With the establishment of FGM it is possible for diabetics to significantly reduce finger pricking. Sensors are inserted into the subcutaneous fat tissue for up to 14 days, which continuously generates glucose values that can be transmitted to the respective reader by “scanning” [21]. Since 2017, FGM has been approved for pregnant diabetic women and has also been shown to be a successful therapy in studies [22, 23]. However, using FGM in the care of GDM—patients is critically debated and currently still decided on an individual basis [24]. FGM—devices could allow GDM patients to better integrate management recommendations into daily life and relieve the burden of SBGM. Furthermore, through biofeedback, generated by directly monitoring of glucose response to physical activity or food intake, GDM patients get the opportunity to develop self-directed management strategies to help them achieve target levels. Additionally, the increase in information on glucose values during the entire day will help intervene more specifically meeting the individual demands of patients. To date, there is a lack of systematically collected data on the use of FGM, maternal and infant outcomes, and patient satisfaction that summarizes all parameters so that routine use could be warranted.
The aim of our pilot study is to demonstrate the feasibility and equivalence of perinatal outcomes of FGM use compared with SMBG by presenting a cohort of 37 GDM pregnancies monitored with an FGM device. In addition, we wanted to assess the subjective evaluation and satisfaction of the patients in order to evaluate whether the assumed facilitation in management due to FGM use is perceived in our cohort.
Research design and methods
Study population
Between 2019 and 2021, 37 patients cared for GDM at our competence center for diabetes and pregnancy received FGM device for monitoring glucose levels during their pregnancy. GDM diagnosis was based on the IADPSG and WHO 2013 criteria [25]. Initially all GDM patients were trained to perform SMBG. Women needing insulin or had a high risk for insulin dependency due to a history of GDM, an early GDM diagnosis or risk factors for type 2 diabetes were randomly offered FGM use. All FGM patients received individual training on FGM and were advised to continue measuring fasting glucose by SMBG to ensure that FGM readings are reliable as well as in situations with implausible glucose values [26]. Diabetes care was provided according to the 2011 German S3 guideline and was performed by our hospital outpatient clinic [27]. Patients without FGM during that time period (n = 288) performed SMBG four times a day or seven times in case of insulin treatment. Patients were monitored on a four-week basis in case of diet control and fortnightly if insulin treatment became necessary. Of the 288 SMBG users 74 were finally matched 1:2 according to maternal age, body mass index (BMI), HbA1c at diagnosis and treatment. Ethical approval was obtained from the Ethics Committee of Friedrich Schiller University in Jena, Germany (Reg.-Nr. 2022-2826 12/22).
Study data collection
Patient’s characteristics were retrieved from patient records. BMI was calculated using pre-pregnancy weight and height of the patients and grouped according to the definitions of the world health organization [28]. Gestational weight gain (GWG) was calculated from the difference between the pre-pregnancy weight and the last documented weight before delivery. Relevant maternal characteristics were the following parameters: age, BMI, obesity, GWG, excessive weight gain according to IOM recommendations and proportions of insulin-dependent patients. HbA1c levels according to IFCC or NGSP/DCCT standard were determined on a four weekly basis in a standardized setting and are presents as follows: HbA1c at diagnosis (%), HbA1c at delivery (%) and HbA1c changes, calculated as a difference between the two before mentioned measurements.

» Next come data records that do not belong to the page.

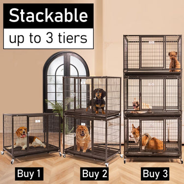 - Stackable: Up to 3 Tiers or individual use. Open top makes it easier to put your dog/animal in and out
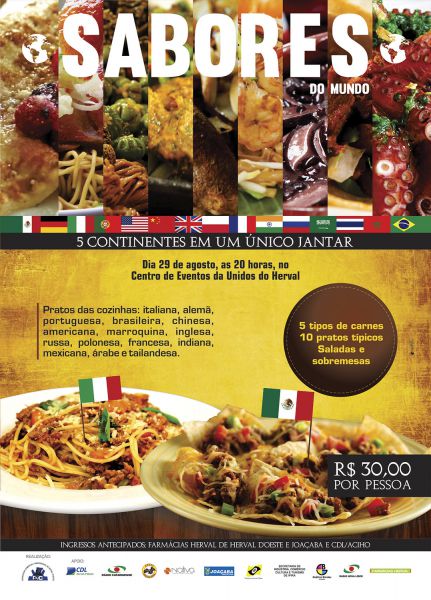 28/08/2015 Acontece nesse sábado, dia 29, no Centro de Eventos da Unidos do Herval o jantar gastronômico “Sabores do Mundo. 5 continentes em único jantar” – promovido pela Associação Comercial e Industrial de Herval d´Oeste (ACIHO). Segundo o presidente Sérgio de Giacometti, o projeto tem como objetivo se tornar uma tradição e substituir a antiga festa do porco ao prato realizada pela entidade por diversos anos.
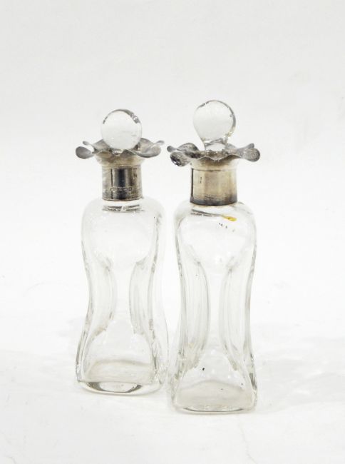 A pair of glass scent bottles of waisted form, with silver collars, Birmingham 1926 by William Devenport, 13cm high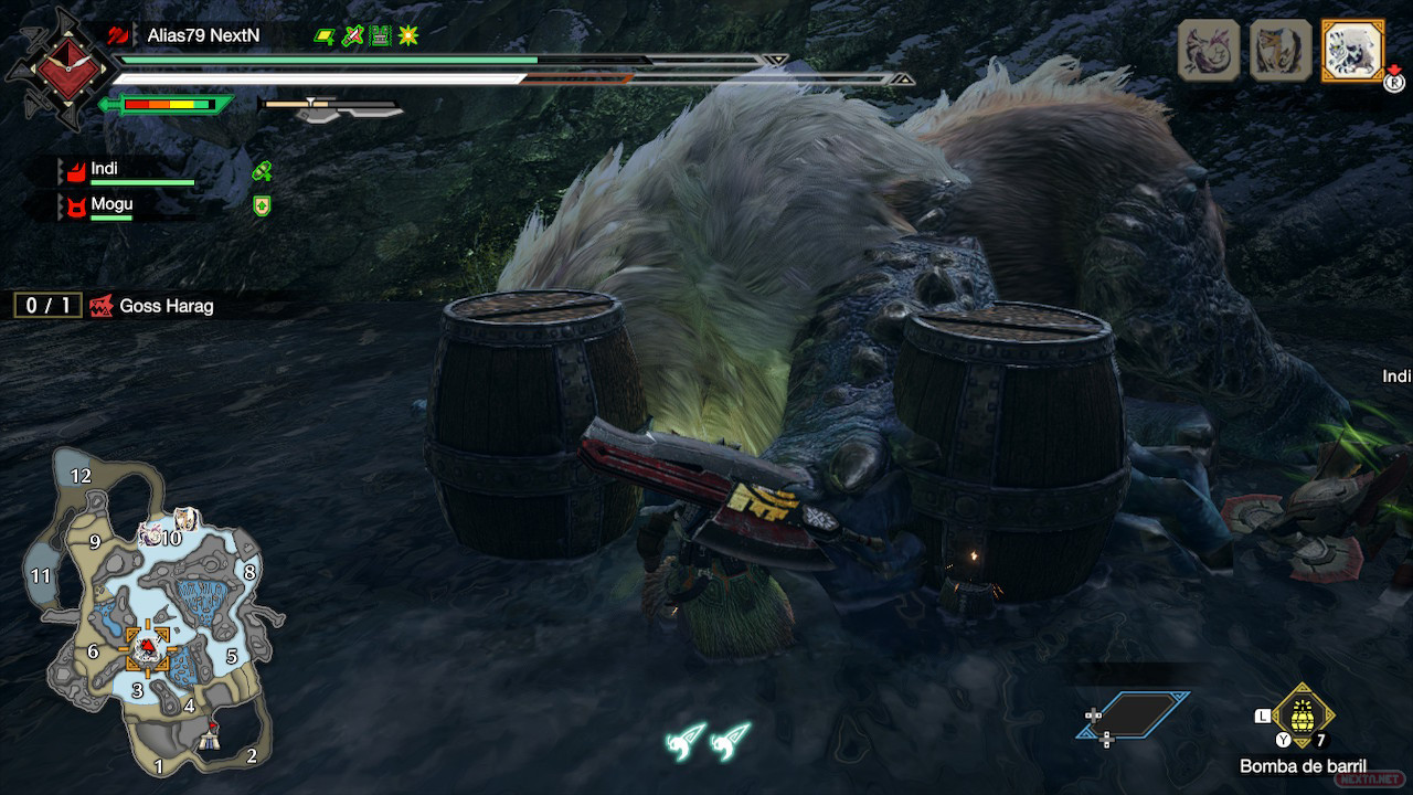 Bueno, ahora sabes cómo crearlas, pero… ¿cómo se usan? Esto es más sencillo aún. Digamos que hay varias tácticas. Lo primero que debes saber es que las bombas barril no hacen mucho daño, son más bien como un temporizador (o mecha) para hacer estallar las bombas grandes y las megabomba barril, dado que no explotan por sí solas, ¡a no ser que las golpees! Había quién en el pasado, en anteriores Monster Hunter, las reventaban de una patada (¡levanto la mano!, temerario, ¡pero divertido!), pero resulta que en Monster Hunter Rise la acción de patada simplemente no existe, suponemos que para evitar las patadas entre usuarios, pues a veces suponían un gesto feo. Por suerte, ahora los kunai son infinitos, y si consigues apuntar bien desde lejos son ideales para reventar estos explosivos sin llevarte a ti por delante, pues otra opción es golpearlos con tu arma.
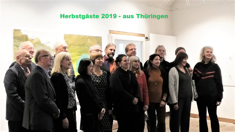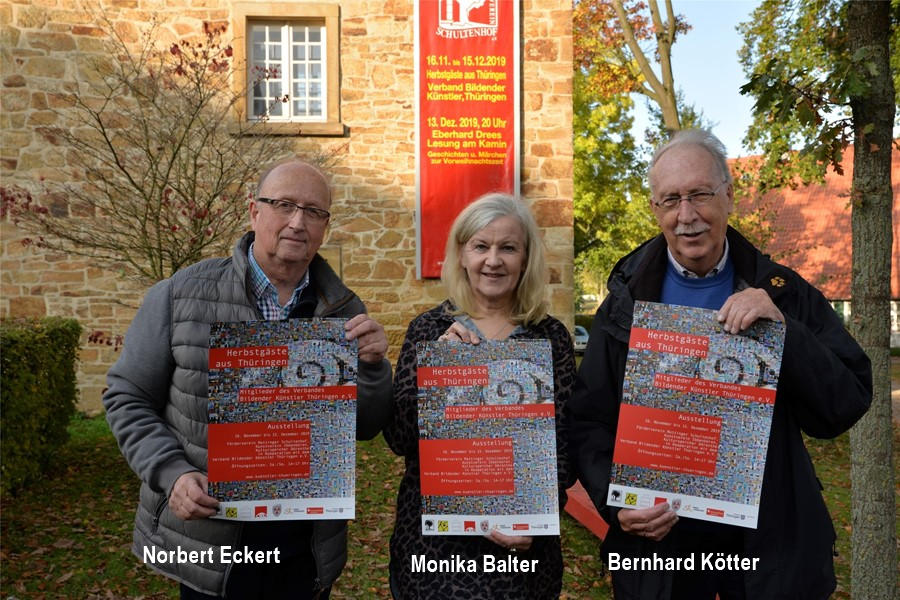 Professor Klaus Nerlich, Vorsitzender des Künstlerverbandes mit rund 350 Mitgliedern, hatte den Weg ins Münsterland ebenfalls nicht gescheut und eröffnete die Ausstellung gemeinsam mit Bernhard Kötter vom Förderverein Schultenhof. „Ich habe noch keine Herbstgäste erlebt, die selbst so engagiert bei der Ausstellungsorganisation waren“, lobte Kötter die Zusammenarbeit mit den Thüringern. Nerlich bedankte sich für die Möglichkeit, zeitgenössische Kunst aus Thüringen im „fernen Westfalen“ präsentieren zu dürfen. „Kunst als verbindendes Element“ fördere den Austausch und sei eine wichtige Grundlage für das Zusammenleben in einem Staat, wie beide betonten.

The following endpoints were defined for perinatal complications: hypertensive disorders of pregnancy (HDP; including preeclampsia, pregnancy induced hypertension and HELLP syndrome), preterm delivery (defined as delivery before 37 weeks of gestation) and C-section. Fetal outcome included APGAR 5, hyperbilirubinemia, hypoglycemia, admission to neonatale intensive care unit (NICU) and a neonatal weight above the 90th percentile, defining large for gestational age (LGA), using Voigt’s percentiles [29]. Patient’s satisfaction with individual GDM monitoring was evaluated using a modified version of the “Diabetes Treatment Satisfaction Questionnaire change” (DTSQc).
Study questionnaire
Treatment satisfaction was retrospectively obtained using an adapted version of the DTSQc after pregnancy. DTSQc collects patients answers on their satisfaction with their new treatment (FGM) compared with their previous treatment (SMBG). Patients could choose on a numerical scale from 3 to − 3 (meaning “much more satisfied now” to “much less satisfied now”). In the second section of our questionnaire, GDM patients could indicate in free text fields what they liked less or especially about the sensor-based measurement.
Statistical analysis
Statistical analysis was performed with SPSS 27.0 (IBM Corp. Released 2016. IBM SPSS Statistics for Windows, Version 24.0. Armonk, NY: IBM Corp). Chi2 test or Fisher exact test was used to compare categorical data. Since most of the data were not normally distributed median and interquartile range was used for data presentation and description. To compare subgroups nonparametric tests were performed to compare continuous data. A p value < 0.05 was considered to indicate statistical significance (2-tailed).
Results
Patient characteristics and perinatal outcomes
Patient and pregnancy characteristics, as well as perinatal outcome are summarized in Table 1. Analysis of the two subgroups for patient characteristics revealed no significant differences in age, pre-pregnancy BMI, previous births, GWG and excessive gestational weight gain. (Table 1) Diagnosis of GDM occurred significantly earlier in women in the FGM- subgroup (median 20 (IQR 14–26) vs. median 25 (IQR 18–28); p = 0.044). HbA1c levels at birth were higher in FGM monitored pregnancies [5.6% (IQR 5.4–5.8) vs. 5.4% (IQR 5.2–5.6) or 38 mmol/mol vs. 36 mmol/mol; p = 0.013], whereas HbA1c- values at diagnosis and change in HbA1c did not significantly differ between FGM and SMBG groups (HbA1c at diagnosis 5.4% (36 mmol/mol) vs. 5.3% (34 mmol/mol) and change in value: 0.3 vs. 0.1). Perinatal outcome parameters did not differ between the two subgroups.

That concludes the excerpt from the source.